About the author: Tina Fischer, CWS-IV, is product certification supervisor for the Water Quality Association. She can be reached at 630.505.0160, or by e-mail at [email protected].

Product certification is certainly a detail-oriented process, but the Water Quality Association (WQA) product certification coordinators make it as simple as possible. Whether you have a single product requiring certification or would like a multitude of product lines certified, the same easy process will be used.

Application Process

The process begins with the submission of required documentation. The following documents are needed to begin the process: application, wetted parts list/exploded diagram or formulation information, and a WQA product data sheet. The application is a legal document that provides WQA assurance that your company will abide by the Gold Seal policies for the products for which you are requesting certification.

The wetted parts list (formulation information) provides WQA with a complete list of all the individual components that come into contact with drinking water. Most manufacturers already have all of this information, so it is just a matter of transferring it into an Excel document. The product data sheet provides WQA with the pertinent information it needs in order to complete the certification. For example, anticipated product capacities, flow rates and requested contaminant reduction claims would be included in this document. With these three documents, WQA has everything it needs to provide a quote for the project and an anticipated time frame for completion.


The drinking water treatment unit (DWTU) standards contain three separate sections for testing requirements. The DWTU standards cover products such as water softeners, RO systems, and all types of filters, UV systems and distillers. The testing sections include: materials safety, structural integrity and performance. This part is effortless because all of the work is done by WQA, allowing you to carry on with everyday responsibilities while waiting for the results.

Materials safety. Each DWTU must be evaluated to ensure that the materials used are not leaching any harmful compounds into the drinking water. A complete system extraction test is performed, or if each individual component has undergone testing itself, all the test data is accumulated, and a cumulative affects comparison is completed to ensure that no harmful chemicals are above the required maximum contaminant levels when the tests are combined.

Structural integrity. Each system must meet anticipated lifetime pressure requirements, including what may happen in the event of water hammer or a surge of pressure.

Performance. A minimum performance claim must be made for each different product type. Each type, however, also has the option to make additional contaminant reduction claims as specified by the manufacturer.

The drinking water additive and component (DWA) standards (NSF/ANSI 60 and 61) have only one section for testing.

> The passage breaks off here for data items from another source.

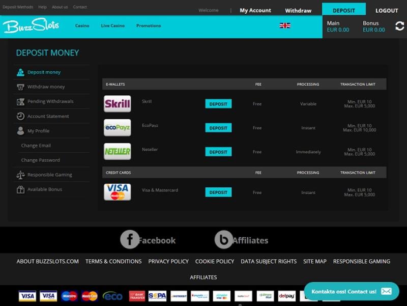 IncrívelO bom e velho Buzzslots é um cassino muito legal. Não tivemos problemas até agora, eles usam todos os métodos de depósito e também são rápidos com os saques. O melhor é que eles costumam dar giros grátis, ou você pode ganhar giros grátis na página deles no Facebook se participar ;=).
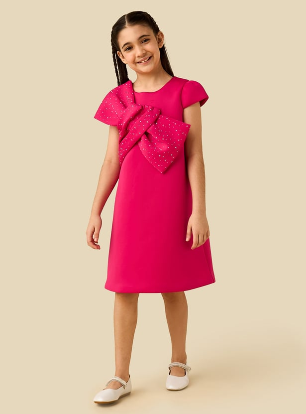 Dress your little one in timeless elegance with this beautiful girls’ dress, highlighted by a striking embellished bow that makes it perfect for special occasions. Designed to balance style and comfort, it offers a refined silhouette with cap sleeves and a classic round neckline, creating a look that’s both graceful and versatile. Ideal for birthday parties, formal gatherings, and memorable celebrations, this charming dress lets your child shine with confidence, crafted from soft, comfortable fabric for effortless wear.
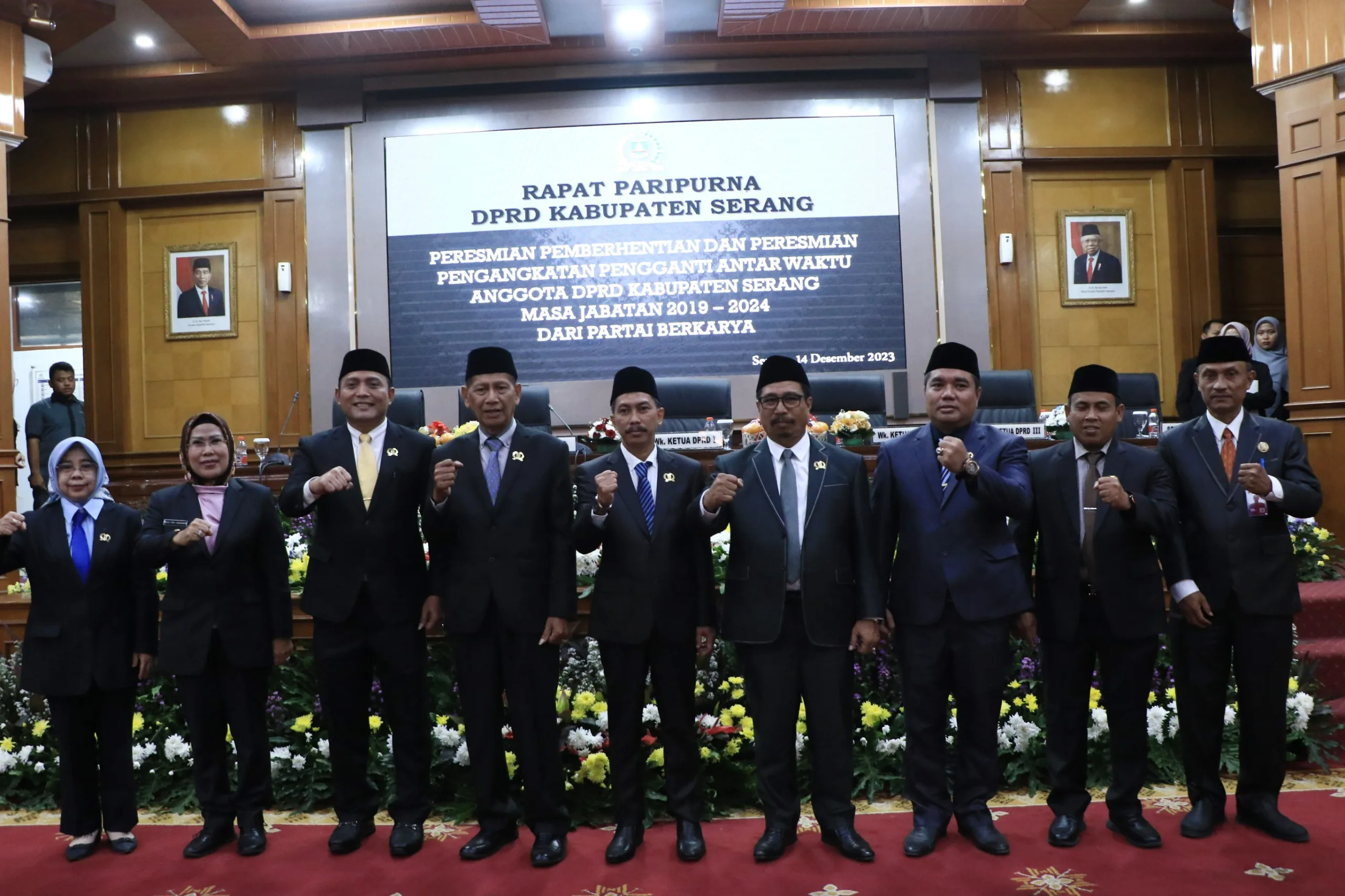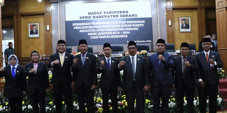 Kabupaten Serang, HALOBANTEN.COM – Dewan Perwakilan Rakyat Daerah (DPRD) Kabupaten Serang menggelar Peresmian pemberhentian dan pengangkatan Pengganti Antar Waktu (PAW) Anggota DPRD Kabupaten Serang masa jabatan 2019-2024 di gedung dewan setempat pada Kamis, 14 Desember 2023. Ketiganya berasal dari Fraksi Partai Berkarya Kabupaten Serang.
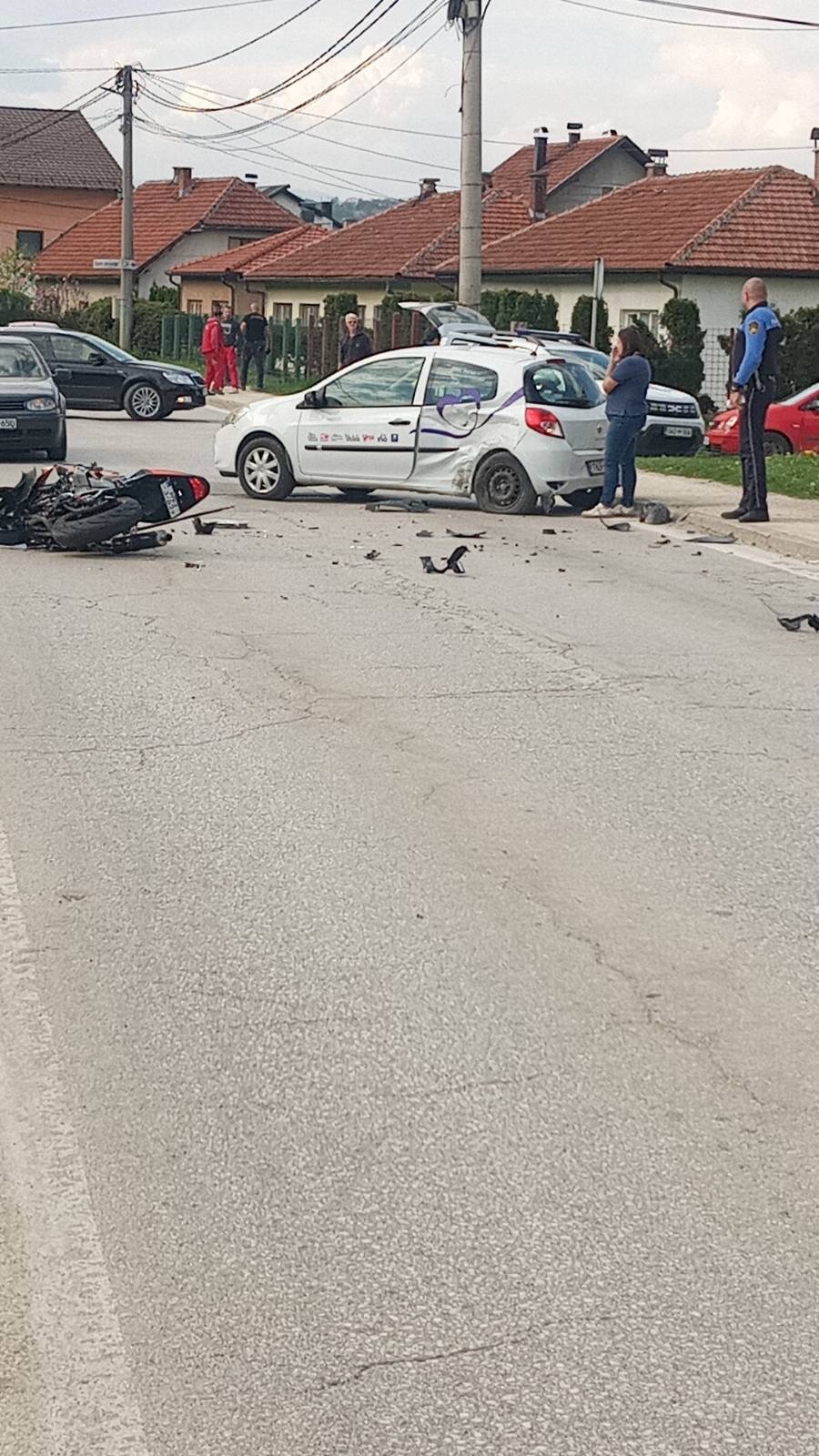 Prema dostupnim podacima, u nesreći su učestvovali putničko motorno vozilo i motocikl. Na fotografijama s mjesta događaja vidljivo je da je motocikl završio na kolovozu, dok je na automobilu pričinjena značajna šteta, što ukazuje na silinu sudara.
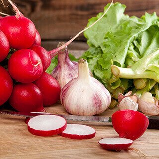 Skär av det gröna från rädisorna, skär det i mindre bitar och lägg åt sidan för tillfället. Dela rädisorna i fyra delar, blanda med 1 tsk salt, 1 tsk olivolja, salt o peppar. Sprid ut ett jämnt lager på bakplåten och rosta i 20-30 min eller tills det är mjuka och har fått lite färg.
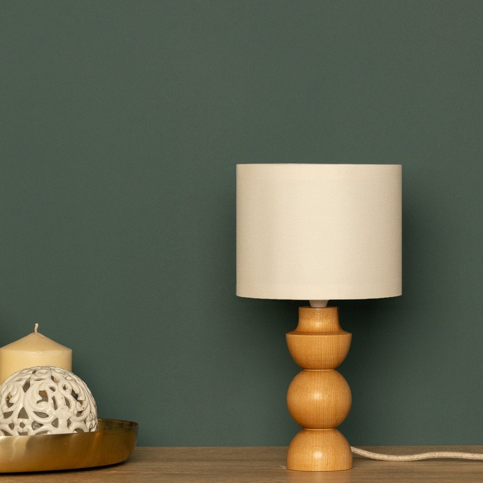 Skapa värme och stil i ditt hem med LumiWood Bordslampa. Denna handgjorda lampa av massiv bokträ förenar tidslös skandinavisk design med naturliga material. Det mjuka ljuset och den eleganta tygskärmen gör denna lampa idealisk som nattlampa, stämningslampa i vardagsrummet eller som dekorativ accent i din inredning.
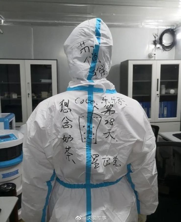比如,她们有的在自己的防护服上写着“想念奶茶”,有的在防护服上写着“想去看演唱会”,有的在防护服上写着“此疫结束,我要去玩耍,想要吃遍天下,大杀四方”,有的在防护服上写着“XXX,等我回去,我们一起去骑车”等等,从这些貌似玩笑,实则真心流露的话语中可以看出,这群年轻人,她们在面对生死、苦累、美丑的考验面前,她们充满着积极、乐观、向上的革命乐观主义精神。
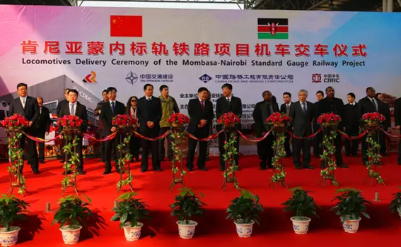 肯方監(jiān)理公司董事長(zhǎng)馬圖、肯尼亞鐵路公司機(jī)車經(jīng)理戴維、肯尼亞監(jiān)理總經(jīng)理詹姆斯、中國(guó)中車副總裁余衛(wèi)平、中國(guó)路橋總工程師孫耀國(guó)、中車國(guó)際事業(yè)部副總經(jīng)理戰(zhàn)宇宙出席機(jī)車交付剪彩儀式。
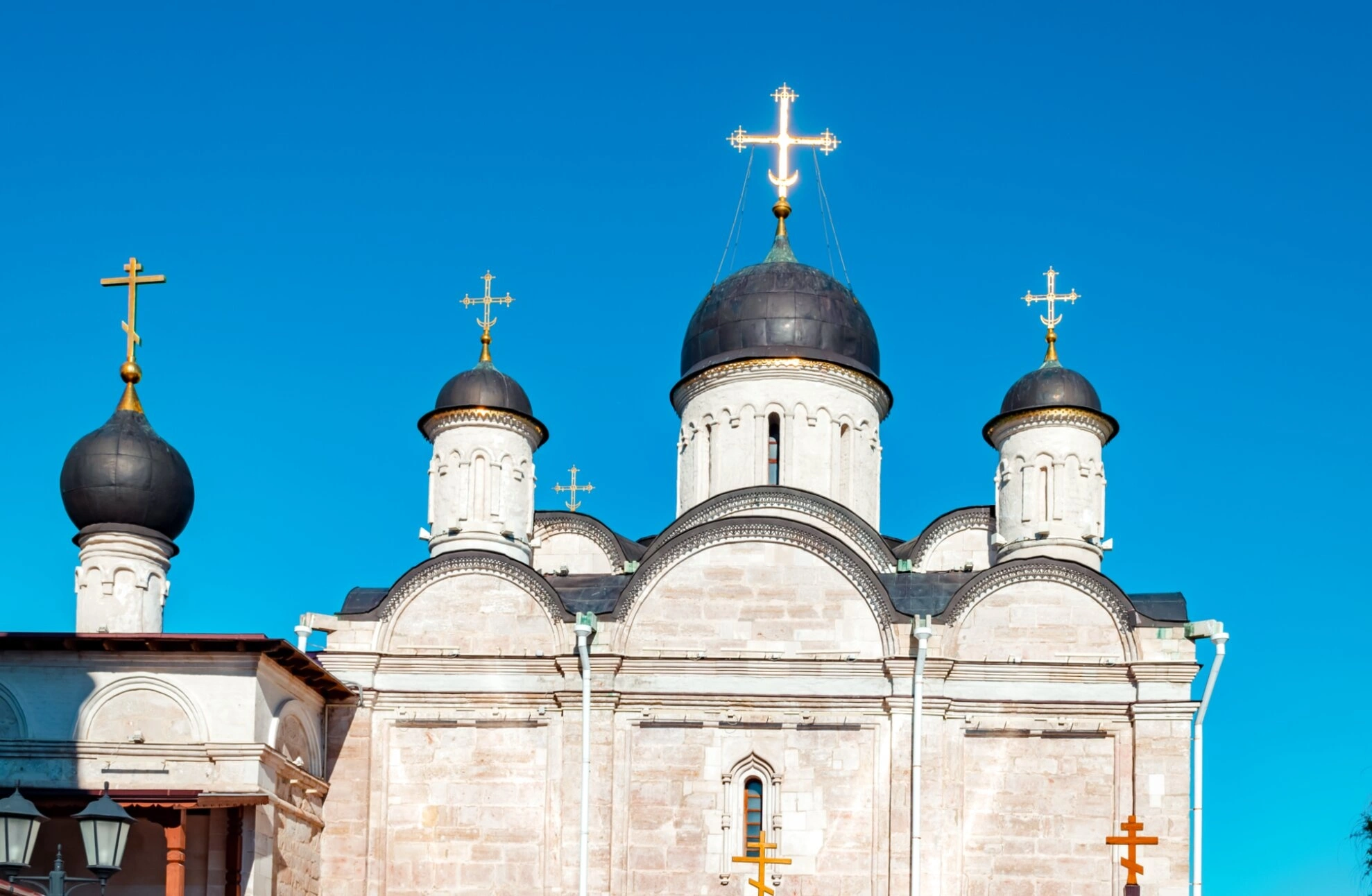 Собор, изображённый на снимке, представляет собой величественное каменное сооружение, увенчанное традиционным пятиглавием. Золотые купола-луковки, символизирующие Христа и четырёх евангелистов, гордо возносятся к небу, а установленные на них православные кресты осеняют собой всю округу. Фасад храма отличается строгостью и благолепием, характерными для церковного зодчества. Белоснежные стены контрастируют с тёмными кровлями и позолотой глав, создавая образ неземной красоты и духовной твердыни.
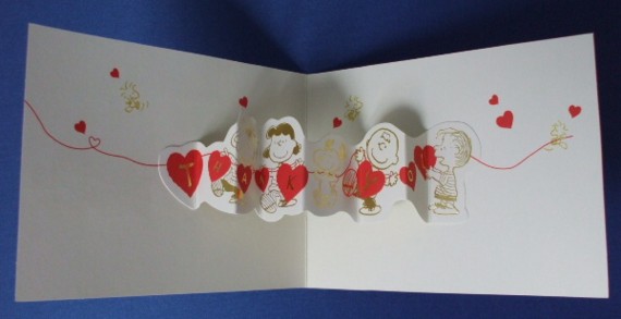 スヌーピーのポップアップ・サンキューカードです。随所に金色の箔押し加工あり。
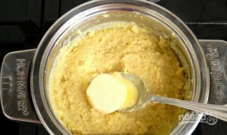 Как каша загустеет, добавьте в неё масло. Постоянно мешая, варите ингредиенты 15 минут.

The DWA standards cover products such as chemicals, process media, mechanical plumbing devices, pipes and related products, coatings and barrier materials, etc. The testing portion includes the materials safety section. Though the parameters of the testing vary greatly from the DWTU materials protocols, the end result is the same. WQA will ensure the specific additive or component does not impart any harmful contaminants into the drinking water.

Certainly, WQA recognizes it is almost impossible to require testing on each and every unit manufactured. For those manufacturers that produce multiple products in a family (products that typically vary primarily in product size or amount of performance reduction media), WQA offers an easy option—product bracketing is often used for these types of units. Rather than undergoing the rigorous testing on each product, WQA completes a thorough review of each product and documents the technical rationale supporting the certification without physical test data. These types of certifications save both time and money.

Furthermore, WQA also accepts test data from a multitude of testing laboratories around the world. If you have already had testing completed or would simply like to have multiple certifications, the process is quick and inexpensive.

Plant Inspections

Many people become nervous when they are informed that an audit must be performed on their facility. In actuality, the audits may be the easiest part of the certification process. While the testing and/or technical justifications are being performed, a representative of the WQA audit team will visit your manufacturing plant or plants. The onsite inspection will evaluate your quality control procedures. Follow-up audits will be conducted each calendar year to review the certified product’s manufacturing process, Gold Seal Mark usage and continued quality control procedure inspection. If you are required to make any changes, the audit team is well trained to provide helpful information.

Product Literature

Each standard has a specific set of requirements for the product literature. It is the responsibility of the WQA coordinator to review the literature and request any changes to meet all requirements. When the review is completed, you will receive copies of your literature including any specific changes you are required to make. All you have to do is make the changes and you are done. The process is simple if the requested changes are made the first time around.


At this point, all the necessary steps are completed, and your products are ready for official certification and listing. All pertinent information is added to a database that is connected live to the Gold Seal website (www.wqa.org). Once you receive your final certificates, you have completed the certification process.